The Philadelphia Convention Hall and Civic Center, commonly known simply as the Philadelphia Civic Center, was a convention center complex located in Philadelphia, Pennsylvania. It developed out of a series of buildings dedicated to expanding trade which began with the National Export Exhibition in 1899. The two most significant buildings in the complex were the original main exhibition hall built in 1899, which later housed the Philadelphia Commercial Museum, and the Municipal Auditorium, later called the Convention Hall, which was built in 1931 to the designers of architect Philip H. Johnson. The site was host to national political conventions in 1900, 1936, 1940 and 1948.

Location
The Convention Hall arena was located at 3400 Civic Center Boulevard, on the edge of the campus of the University of Pennsylvania, and just to the southwest of Franklin Field. It was built in 1930 and its highest capacity was approximately 12,000. The building was an Art Deco landmark, notable for its many friezes and other decorative aspects.

Arena history

1930–1966
Originally known as the Municipal Auditorium, the arena hosted many events, including the 1936 and 1948 Democratic National Conventions, and the 1940 and 1948 Republican National Conventions. Thus the building became known as Convention Hall. Martin Luther King Jr. spoke there, and The Beatles, The Grateful Dead and the Philadelphia Mummers each performed there. The Philadelphia Warriors and Philadelphia 76ers both played many of their games in the arena; the 1960 NBA All-Star Game was played there.
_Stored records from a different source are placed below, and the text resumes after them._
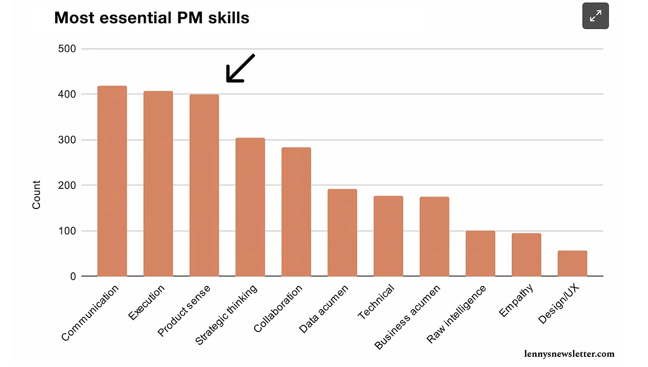 Airbnb 프로덕트 리더, Lenny Rachitsky는 탁월한 프로덕트 센스는 프로덕트에 유의미한 변화를 주어 의도된 임팩트를 남기는 것이라고 설명합니다. 사실 단어가 생소할 뿐이지 제품을 제작하거나 개선을 통해서 유저의 문제를 해결해주는 능력이라고 볼 수 있겠네요. 1,000명의 PM에게 물어본 결과, 소통력, 실행력 다음으로 프로덕트 센스를 가장 중요한 스킬이라고 답했습니다. 실리콘벨리에선 많은 CEO와 PO/PM이 계발하고 있는 능력이에요.
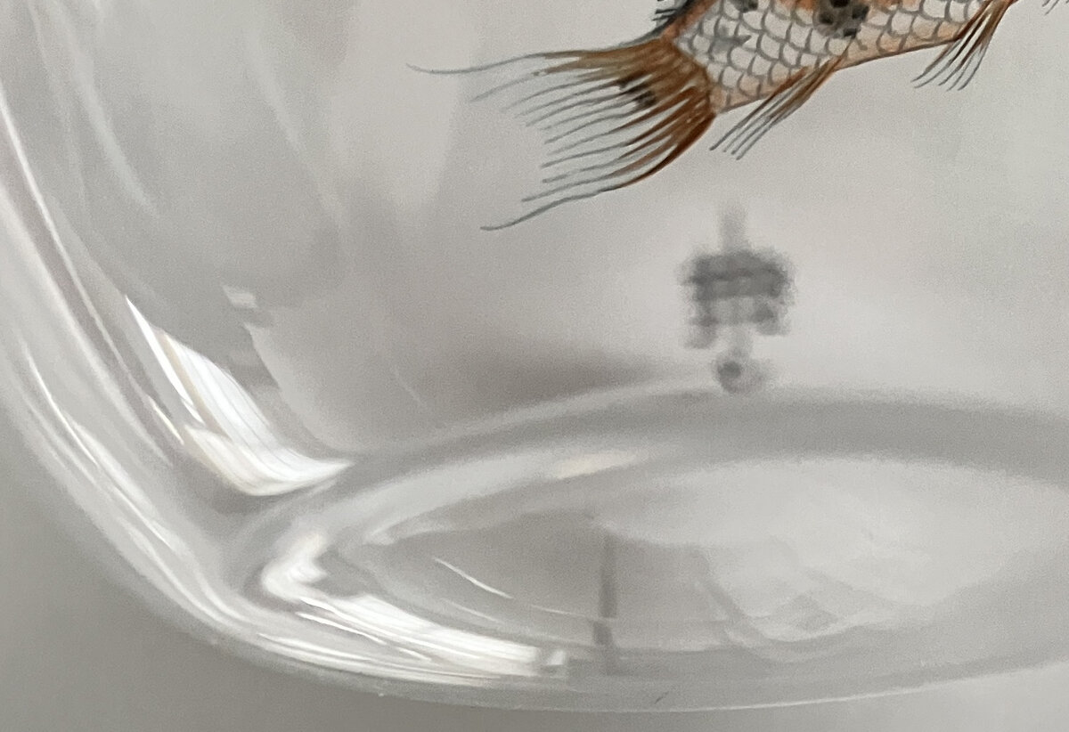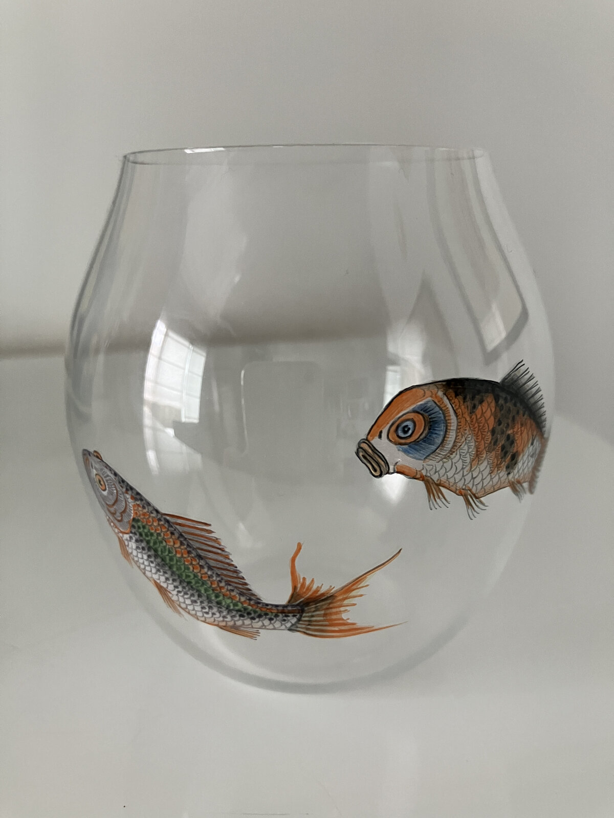 Verre du service n°279 Balloon (gobelet bas, catégorie C pour deux poissons) créé par Ted Muehling, figurant deux poissons peints à la main sur la forme bombée du gobelet avec un pinceau fin et de la peinture émaillée. Le verre est en cristal sans plomb soufflé à la bouche.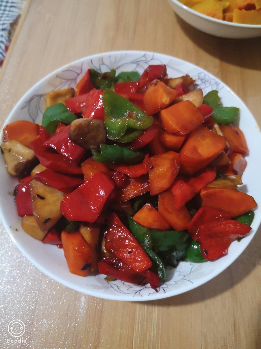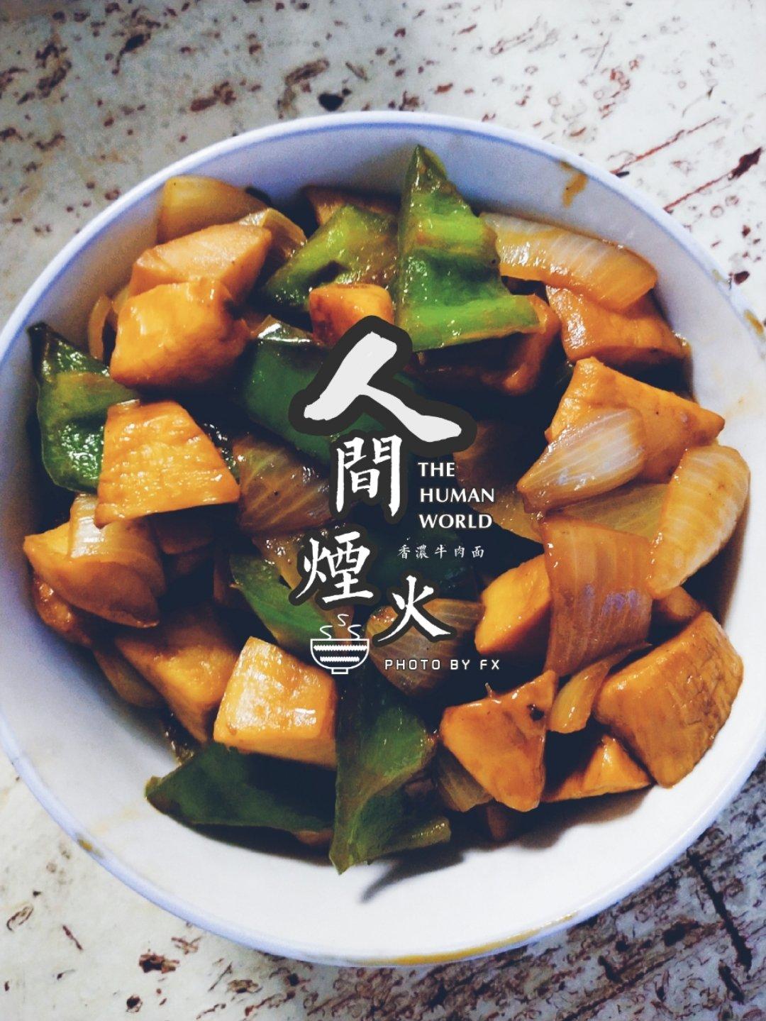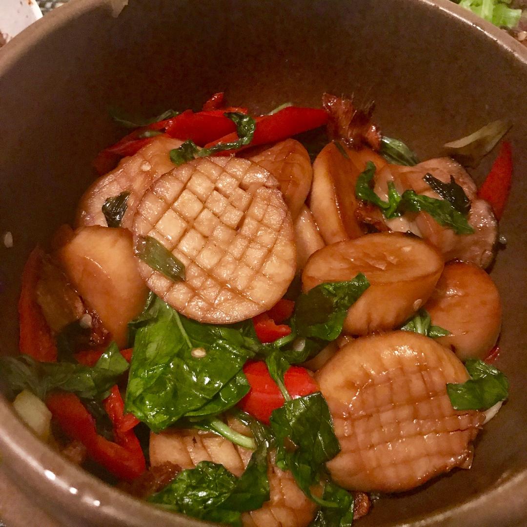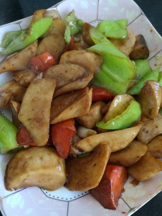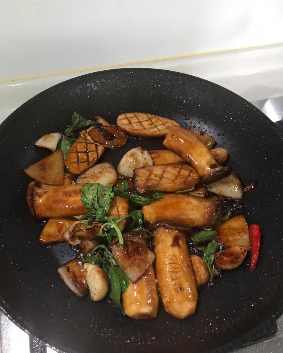 三杯杏鲍菇,酱油放多了点,颜色比较黑,但是味道不错

President Lyndon B. Johnson spoke at a campaign appearance on August 29, 1964, at Convention Hall. He appeared at the Hall alongside many notable Philadelphia and Pennsylvania Democratic leaders. Four days later, The Beatles played the venue on September 2, 1964, during their first tour of the United States. Tickets went on sale in May 1964 and sold out within 90 minutes. The Rolling Stones played Convention Hall on May 1, 1965, during their third American tour.

1967–2005
After the opening of the Spectrum in South Philadelphia in 1967, the building nearly became obsolete. On February 5, 1970, The Jackson 5 played their first official concert for Motown Records there. The building was later used for Atlantic 10 Conference and Big Five basketball games. Jim Crockett Promotions, under the NWA banner, and later the Ted Turner-owned WCW, also staged professional wrestling there, which included three pay-per-view events: Halloween Havoc in 1989 and 1992 and the 1994 Slamboree event. The Civic Center also hosted the World Hockey Association's Philadelphia Blazers and the minor-league Philadelphia Firebirds hockey teams. The University of Pennsylvania used the building for commencements (due to it being larger than Penn's own basketball arena, the nearby Palestra), as did Drexel University, Temple University, St. Joseph's University, and La Salle University. Pope John Paul II and Nelson Mandela both spoke there.

Convention Hall was torn down in 2005, after more than a decade without a regular tenant. The 1996 Atlantic 10 Men's basketball tournament was the last event ever held there (its convention functions were taken over by the Pennsylvania Convention Center in the city's central business district); prior to this, it also hosted college basketball in the form of the 1986 MEAC men's basketball tournament. Afterwards, it served as a soundstage for movies and the TV series Hack starring David Morse. The championship fight scenes in the 1990 movie Rocky V was shot there.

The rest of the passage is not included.